For PLC Programmers: Ladder Logic vs KRL Motion
If you are a PLC programmer stepping into robot programming for the first time, the conceptual shift is significant. Here is the direct comparison:
| Concept | PLC (Ladder / ST) | KUKA KRL |
|---|---|---|
| Execution model | Cyclical scan — all rungs evaluated continuously | Sequential — instructions execute one at a time, top to bottom |
| Motion control | Axis motion via MC function blocks (PLCopen) | Native PTP/LIN/CIRC instructions built into the language |
| I/O access | %I0.0, %Q0.0 or tag-addressed |
$IN[n], $OUT[n] or SIGNAL aliases |
| Conditional logic | Normally-open contacts, IF/THEN in ST | IF condition THEN ... ENDIF |
| Looping | No direct equivalent (rungs always scan) | LOOP, FOR, WHILE |
| Variables | Tags in a data block or local variable table | DECL statements in .src or .dat |
| Structured text (ST) | IEC 61131-3 ST — Pascal-like | KRL — also Pascal-like; syntax is very similar |
| Position data | Setpoints in REAL variables | E6POS or AXIS declarations in .dat file |
| Safety | STO/SS1/SS2 via PROFIsafe function blocks | KRC hardware safety (KUKA.SafeOperation option) |
The biggest conceptual difference: a PLC program never "arrives" anywhere — it scans continuously reacting to state changes. A KRL program issues a motion command and then the controller executes it to completion before moving to the next line. The program is a sequential recipe, not a state machine. This makes robot programs easier to read sequentially but harder to make responsive to asynchronous events (which is why interrupt routines and WAIT FOR are important tools).

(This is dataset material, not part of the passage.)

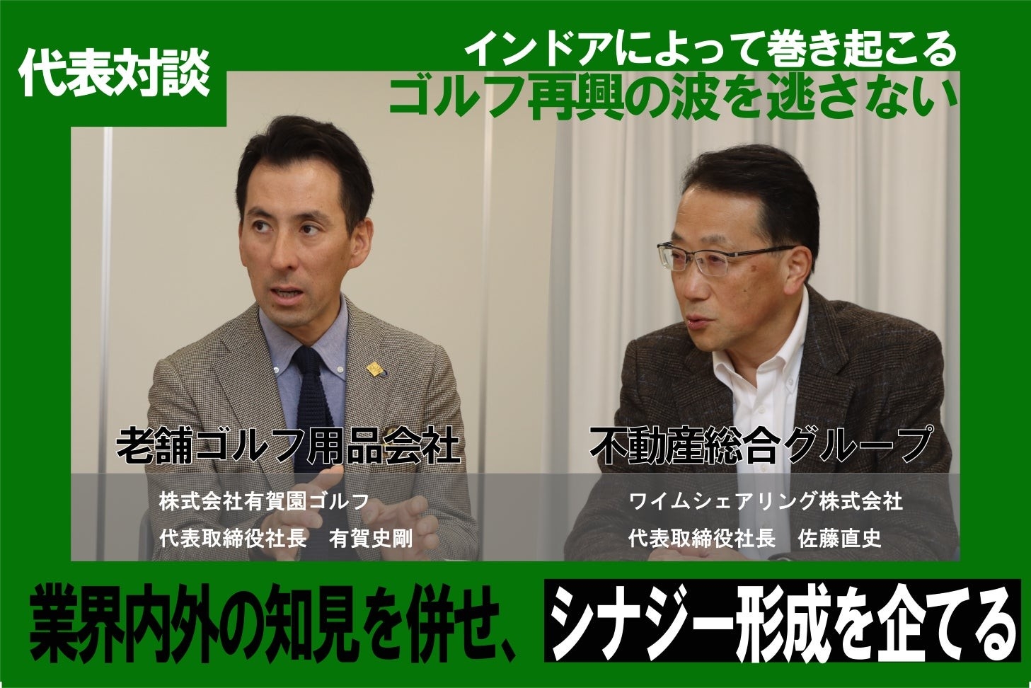 ワイムシェアリング株式会社(東京都新宿区、代表取締役 佐藤 直史)は、運営する郊外を拠点とする完全個室型24時間運営のインドアゴルフ施設【GOLF NEXT 24】を2024年4月22日、ゴルフ用品を製造販売しております有賀園ゴルフ西東京店へのテナント出店を行います。出店を前に弊社代表と株式会社有賀園ゴルフ(群馬県高崎市、代表 有賀 史剛)有賀社長と今後の業界活性化を目的にゴルフ業界誌GEW(以下、本誌)にて代表対談を行いました。
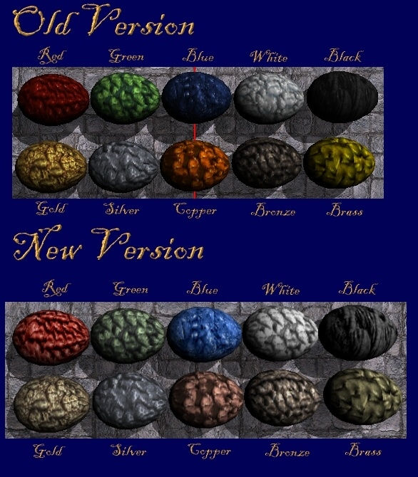Stone Monkey made this wonderful Hak with hatching dragon eggs. I did not have anything to do with the models or scripts. I just felt that the colors on the chromatic eggs were too intense and unnatural, and the metallic eggs did not really resemble the metals they represented. {I am kind of focused on metal colors, because I'm a jeweler. :-) Also, the white egg texture had a noticeable seam. So, I made a new white egg texture based on the green one, and adjusted the colors to be more 'realistic', if dragon eggs can ever be so. :-) Yes, the metallic ones are now a bit harder to tell apart until you get to where you recognize the patterns, but how many people do you know who can tell Brass from Bronze at a glance in a cave? I re-compressed the file at a higher level of quality- don't worry, everything's there, it just took a bit longer at my end, and saved you about two-thirds of the download time. :-)

If you are integrating a KUKA robot with an Allen-Bradley, Siemens, or other PLC, the robot will typically run in AUT EXT mode — the KRL program runs its own loop, and the PLC sends start signals and receives status signals via PROFINET or ProfiSafe I/O. The PLC does not directly control individual robot axes; it tells the robot "start program X" and waits for a "program complete" output signal. For the PLC side of that integration, see the PLC programming languages complete guide.
Frequently Asked Questions
What language do KUKA robots use?
KUKA robots are programmed in KRL (KUKA Robot Language), a Pascal-derived structured programming language. Programs consist of .src (logic) and .dat (position data) file pairs. KRL is used across all current KUKA robot models on KRC4 and KRC5 controllers.
Is KUKA robot programming hard?
KRL is one of the more readable robot languages. If you have any background in Pascal, Delphi, or IEC 61131-3 structured text, the syntax will feel familiar. The motion concepts (coordinate frames, approach/retract patterns, velocity and approximation settings) take more time to internalize than the language syntax itself. Most engineers can write a functional first program within one to two days of hands-on time.
What is the smartPAD?
The smartPAD is KUKA's teach pendant — the handheld device used to jog the robot, teach positions into programs, edit KRL code, and control robot execution in manual mode. It connects to the KRC controller via a hot-plug cable and features a touchscreen, a 6D jogging mouse, mode selector key, and three-position enabling switch (deadman switch) for safe manual operation.
What is the difference between PTP and LIN in KRL?
PTP (Point-to-Point) moves all robot axes simultaneously in joint space. The TCP path is curved and unpredictable in Cartesian terms, but PTP is the fastest motion type and is ideal for large repositioning moves. LIN (Linear) moves the TCP in a geometrically straight Cartesian line at a defined TCP speed. LIN is required wherever the robot must follow a precise path — welding seams, adhesive dispensing, part insertions, or any move near obstacles. Always use LIN for approach and retract moves; use PTP for transits between work areas.